YOUR GOAL: Transcribe the records below exactly as they appear.

RECORDS TO USE:
^^^^^^^^
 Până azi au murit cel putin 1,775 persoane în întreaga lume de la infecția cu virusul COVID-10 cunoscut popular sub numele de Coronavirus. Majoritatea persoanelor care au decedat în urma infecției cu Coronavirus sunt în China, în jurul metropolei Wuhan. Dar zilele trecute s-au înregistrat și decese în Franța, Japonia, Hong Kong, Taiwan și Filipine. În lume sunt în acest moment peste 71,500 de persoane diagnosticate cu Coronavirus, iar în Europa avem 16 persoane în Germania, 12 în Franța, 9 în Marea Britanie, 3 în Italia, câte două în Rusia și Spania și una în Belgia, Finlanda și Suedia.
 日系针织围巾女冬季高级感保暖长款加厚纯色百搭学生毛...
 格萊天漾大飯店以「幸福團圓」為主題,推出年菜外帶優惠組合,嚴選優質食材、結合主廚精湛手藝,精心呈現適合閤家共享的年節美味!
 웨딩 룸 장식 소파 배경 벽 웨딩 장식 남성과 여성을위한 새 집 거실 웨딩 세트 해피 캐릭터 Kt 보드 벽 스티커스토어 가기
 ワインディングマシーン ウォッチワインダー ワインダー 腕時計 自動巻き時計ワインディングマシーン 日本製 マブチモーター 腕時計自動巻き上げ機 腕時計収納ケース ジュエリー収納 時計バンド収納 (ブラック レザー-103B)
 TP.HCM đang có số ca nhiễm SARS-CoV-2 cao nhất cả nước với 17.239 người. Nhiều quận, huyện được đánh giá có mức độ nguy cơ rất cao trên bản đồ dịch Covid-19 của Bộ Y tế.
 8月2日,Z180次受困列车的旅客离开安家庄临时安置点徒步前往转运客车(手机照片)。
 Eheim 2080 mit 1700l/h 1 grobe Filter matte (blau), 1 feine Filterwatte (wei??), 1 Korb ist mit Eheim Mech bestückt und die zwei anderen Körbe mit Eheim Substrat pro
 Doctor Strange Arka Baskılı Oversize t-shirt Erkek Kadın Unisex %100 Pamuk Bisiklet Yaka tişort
^^^^^^^^
RESPONSE TO THE EXERCISE:
 Până azi au murit cel putin 1,775 persoane în întreaga lume de la infecția cu virusul COVID-10 cunoscut popular sub numele de Coronavirus. Majoritatea persoanelor care au decedat în urma infecției cu Coronavirus sunt în China, în jurul metropolei Wuhan. Dar zilele trecute s-au înregistrat și decese în Franța, Japonia, Hong Kong, Taiwan și Filipine. În lume sunt în acest moment peste 71,500 de persoane diagnosticate cu Coronavirus, iar în Europa avem 16 persoane în Germania, 12 în Franța, 9 în Marea Britanie, 3 în Italia, câte două în Rusia și Spania și una în Belgia, Finlanda și Suedia.
 日系针织围巾女冬季高级感保暖长款加厚纯色百搭学生毛...
 格萊天漾大飯店以「幸福團圓」為主題,推出年菜外帶優惠組合,嚴選優質食材、結合主廚精湛手藝,精心呈現適合閤家共享的年節美味!
 웨딩 룸 장식 소파 배경 벽 웨딩 장식 남성과 여성을위한 새 집 거실 웨딩 세트 해피 캐릭터 Kt 보드 벽 스티커스토어 가기
 ワインディングマシーン ウォッチワインダー ワインダー 腕時計 自動巻き時計ワインディングマシーン 日本製 マブチモーター 腕時計自動巻き上げ機 腕時計収納ケース ジュエリー収納 時計バンド収納 (ブラック レザー-103B)
 TP.HCM đang có số ca nhiễm SARS-CoV-2 cao nhất cả nước với 17.239 người. Nhiều quận, huyện được đánh giá có mức độ nguy cơ rất cao trên bản đồ dịch Covid-19 của Bộ Y tế.
 8月2日,Z180次受困列车的旅客离开安家庄临时安置点徒步前往转运客车(手机照片)。
 Eheim 2080 mit 1700l/h 1 grobe Filter matte (blau), 1 feine Filterwatte (wei??), 1 Korb ist mit Eheim Mech bestückt und die zwei anderen Körbe mit Eheim Substrat pro
 Doctor Strange Arka Baskılı Oversize t-shirt Erkek Kadın Unisex %100 Pamuk Bisiklet Yaka tişort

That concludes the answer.